▸ What is being asked
Return the material below exactly, but only from the line with "- 全朝鮮兒童就學率(전조선아동취학솔) 겨우二(이)???五分(오분)!" through the line with "1978年,中国迈入改革开放", and without its pictures.

▸ Record excerpts
━━━━━━━━━━

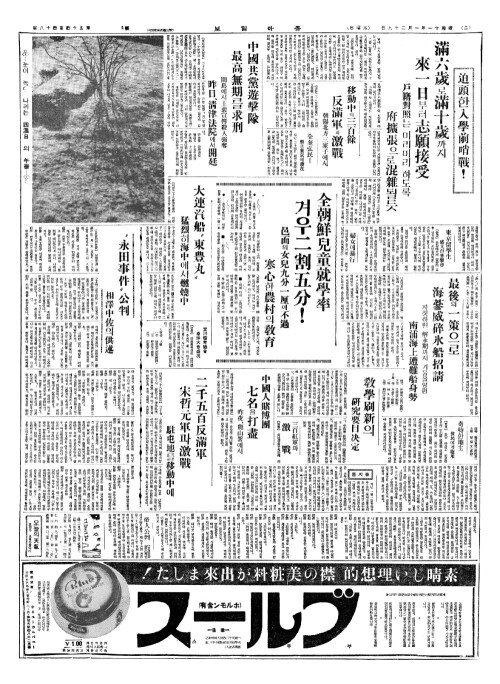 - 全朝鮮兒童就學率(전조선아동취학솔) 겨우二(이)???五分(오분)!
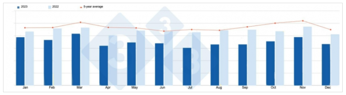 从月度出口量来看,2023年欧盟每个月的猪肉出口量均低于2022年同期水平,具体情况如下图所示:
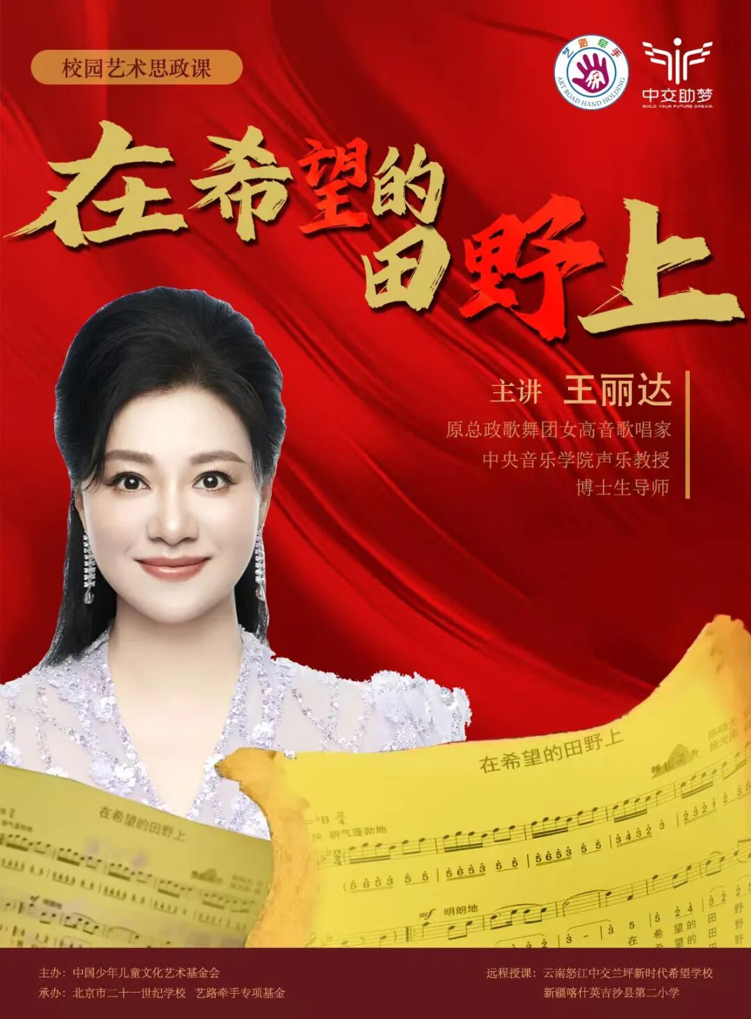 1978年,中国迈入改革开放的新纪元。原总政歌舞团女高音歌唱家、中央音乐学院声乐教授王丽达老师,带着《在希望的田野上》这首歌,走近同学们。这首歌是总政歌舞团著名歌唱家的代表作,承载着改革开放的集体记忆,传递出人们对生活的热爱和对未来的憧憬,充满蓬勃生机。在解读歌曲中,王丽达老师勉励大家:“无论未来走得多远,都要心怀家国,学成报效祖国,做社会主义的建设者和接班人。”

━━━━━━━━━━

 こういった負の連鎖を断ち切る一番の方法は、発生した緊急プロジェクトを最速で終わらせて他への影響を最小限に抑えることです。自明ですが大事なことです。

━━━━━━━━━━

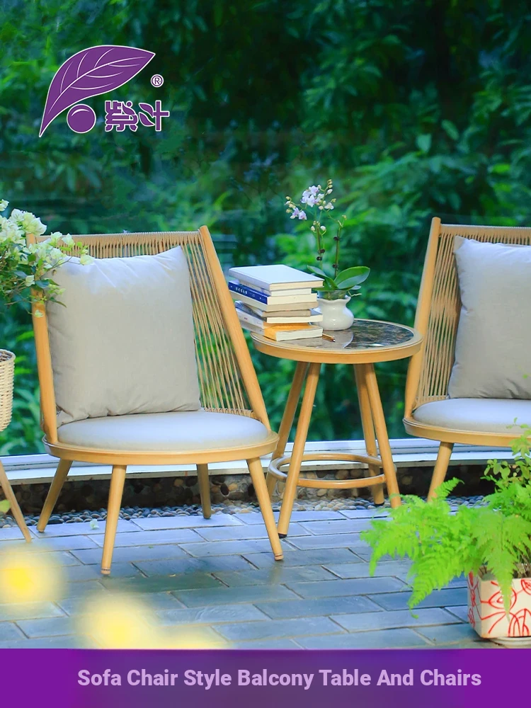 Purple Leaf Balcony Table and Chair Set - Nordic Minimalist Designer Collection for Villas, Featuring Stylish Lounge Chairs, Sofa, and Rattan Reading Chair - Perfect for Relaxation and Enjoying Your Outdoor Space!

━━━━━━━━━━

▸ Solution
 - 全朝鮮兒童就學率(전조선아동취학솔) 겨우二(이)???五分(오분)!
 从月度出口量来看,2023年欧盟每个月的猪肉出口量均低于2022年同期水平,具体情况如下图所示:
 1978年,中国迈入改革开放的新纪元。原总政歌舞团女高音歌唱家、中央音乐学院声乐教授王丽达老师,带着《在希望的田野上》这首歌,走近同学们。这首歌是总政歌舞团著名歌唱家的代表作,承载着改革开放的集体记忆,传递出人们对生活的热爱和对未来的憧憬,充满蓬勃生机。在解读歌曲中,王丽达老师勉励大家:“无论未来走得多远,都要心怀家国,学成报效祖国,做社会主义的建设者和接班人。”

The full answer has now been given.